Schlie also mentions Stephan Malinowski in order to put his genealogy of a continuous (historical) political commitment of the Hohenzollerns for debate over three generations: Kaiser Wilhelm, the Crown Prince and Prince Louis Ferdinand, who in the USA belonged to the circle of the anti-Semite Henry Ford . Podhraski immediately seconded that Louis Ferdinand and Ford were about motorization and modernization, not anti-Semitism.
But that’s not what Malinowski is about either. The historian teaching at Edinburgh, who received the German Non-Fiction Prize 2022 for his book “Die Hohenzollern und die Nazis”. rather aims at the historical-political staging of Louis Ferdinand as an “omnipresent figure after 1945” who “always recognized National Socialism as evil and wanted to have been close to the resistance early on”. As a symbolic figure of the “noble grand tale” he labeled as “Dönhoffism”. […]in which Hitler allegedly from the beginning as […] ridiculous figure and criminal recognized’.

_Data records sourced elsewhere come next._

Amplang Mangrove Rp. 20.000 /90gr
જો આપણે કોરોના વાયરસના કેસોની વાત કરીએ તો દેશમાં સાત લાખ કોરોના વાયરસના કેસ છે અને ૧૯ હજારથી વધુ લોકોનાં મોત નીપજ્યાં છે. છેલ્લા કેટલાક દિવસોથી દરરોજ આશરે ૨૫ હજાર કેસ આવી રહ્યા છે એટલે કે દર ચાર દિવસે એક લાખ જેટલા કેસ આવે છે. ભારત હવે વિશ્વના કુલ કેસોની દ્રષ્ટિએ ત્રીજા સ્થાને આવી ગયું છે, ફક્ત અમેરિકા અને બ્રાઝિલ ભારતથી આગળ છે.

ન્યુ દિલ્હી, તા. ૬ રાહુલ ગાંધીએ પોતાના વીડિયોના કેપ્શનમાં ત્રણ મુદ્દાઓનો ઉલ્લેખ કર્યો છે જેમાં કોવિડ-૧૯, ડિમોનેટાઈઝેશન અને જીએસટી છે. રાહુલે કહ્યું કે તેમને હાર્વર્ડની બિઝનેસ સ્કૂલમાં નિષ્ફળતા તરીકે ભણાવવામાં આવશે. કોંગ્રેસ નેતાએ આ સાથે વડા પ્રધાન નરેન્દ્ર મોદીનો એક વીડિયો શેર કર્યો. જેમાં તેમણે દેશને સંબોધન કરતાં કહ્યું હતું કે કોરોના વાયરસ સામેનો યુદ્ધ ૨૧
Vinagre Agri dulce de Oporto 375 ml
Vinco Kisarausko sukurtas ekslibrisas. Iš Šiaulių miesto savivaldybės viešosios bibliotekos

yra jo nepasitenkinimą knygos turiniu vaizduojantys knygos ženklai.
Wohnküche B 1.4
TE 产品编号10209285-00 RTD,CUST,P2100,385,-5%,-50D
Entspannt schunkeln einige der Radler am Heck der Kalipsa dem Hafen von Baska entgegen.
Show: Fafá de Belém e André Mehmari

New edition of the right grand narrative
A revitalization of this grand narrative, which is common in educationally conservative circles as well as in circles of the vulgar right, is now possibly at stake. Barely addressed on this morning in snowy Berlin, the actual subject of the dispute became: the restitution claims that have now been dropped. In addition to the goods that fall under the Compensation Benefits Act, there are other goods whose provenance is disputed.

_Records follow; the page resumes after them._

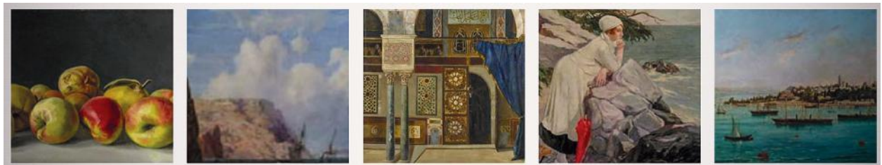
Илл. 9. Образцы живописи, в том числе, Ивана Айвазовского, из музея Сагыпа Сабанджи (детали) Courtesy © Sakıp Sabancı Museum. По: URL: https://www.sakipsabancimuzesi.org/en/collections/arts-book-and-calligraphy-sakip-sabanci-museum

Османская живопись представляет собой другую масштабную часть коллекции Музея Сагыпа Сабанджи. В коллекции представлены полотна художников Константина Капыдагы (конец XVIII в.), Османа Хамди Бея (1842–1910) (см. о нем: [Вяземская, 2019]), Шекера Ахмеда Паши (1841–1907), Фейхамана Дурана (1886–1970) и других. Музей позиционирует свою коллекцию
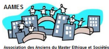
Association des Anciens du Master Ethique et Sociétés

L'objectif de l'AAMES est de rassembler les personnes qui sont ou ont été impliquées dans le Master d'éthique et sociétés : anciens étudiants, étudiants en cours de formation, les membres du personnel, les
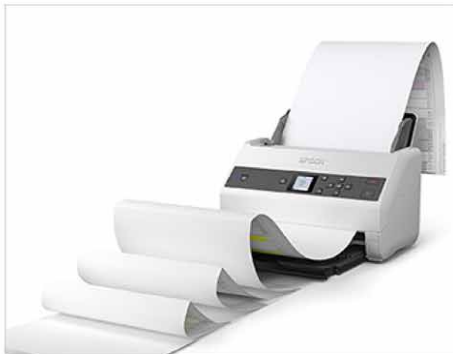
<최대 6M길이의 긴 용지 스캔 가능>
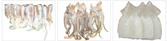
가공 후 오징어 제품 및 내장 Squid products & intestine after processing
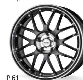
P 61 czarny - polerowanym rantem z czerwonymi rantami 15–18 Cali
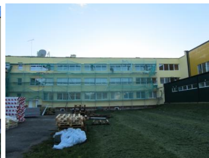
Kalnciema pagasta vidusskola
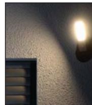
LED-Leuchte manuell, bei Bewegung oder nach Zeitplan schaltbar
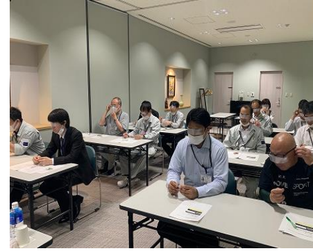
④アイマスク着用でお菓子を開けます
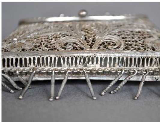
Estado inicial detalle con faltantes
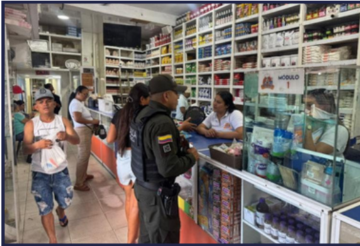
CAMPAÑAS DE PREVENCIÓN ANTIEXTORSIÓN - GAULA POLICIA

Se consolidó como una línea prioritaria de gestión, orientada a la protección integral de los afiliados, la mitigación de riesgos y el fortalecimiento de entornos seguros para el desarrollo de la actividad empresarial. La estrategia se centró en un enfoque preventivo, articulado y basado en la corresponsabilidad entre el gremio, las autoridades y la comunidad.

Keywords here would be “Aryanization” and “looted art” as well as legal property of the Prussian family, which is lent to state museums. While the lawsuits were being filed, the press offices of some of the affected government agencies in Brandenburg and Berlin were clearly concerned that loan agreements could not be renewed.
The lender does not want to know anything about this, emphasizing that loans will “also be made available on request in the future”. But also refers to safety precautions in state showrooms, which are probably not the best everywhere.
As well as the family-owned Hohenzollern Castle near Hechingen, “one of the most popular private museums in Germany”. Whether some of the exhibits previously shown in Berlin or Brandenburg will only be on display at the Zollernalb in the future? You will see. It would be in doubt to get over.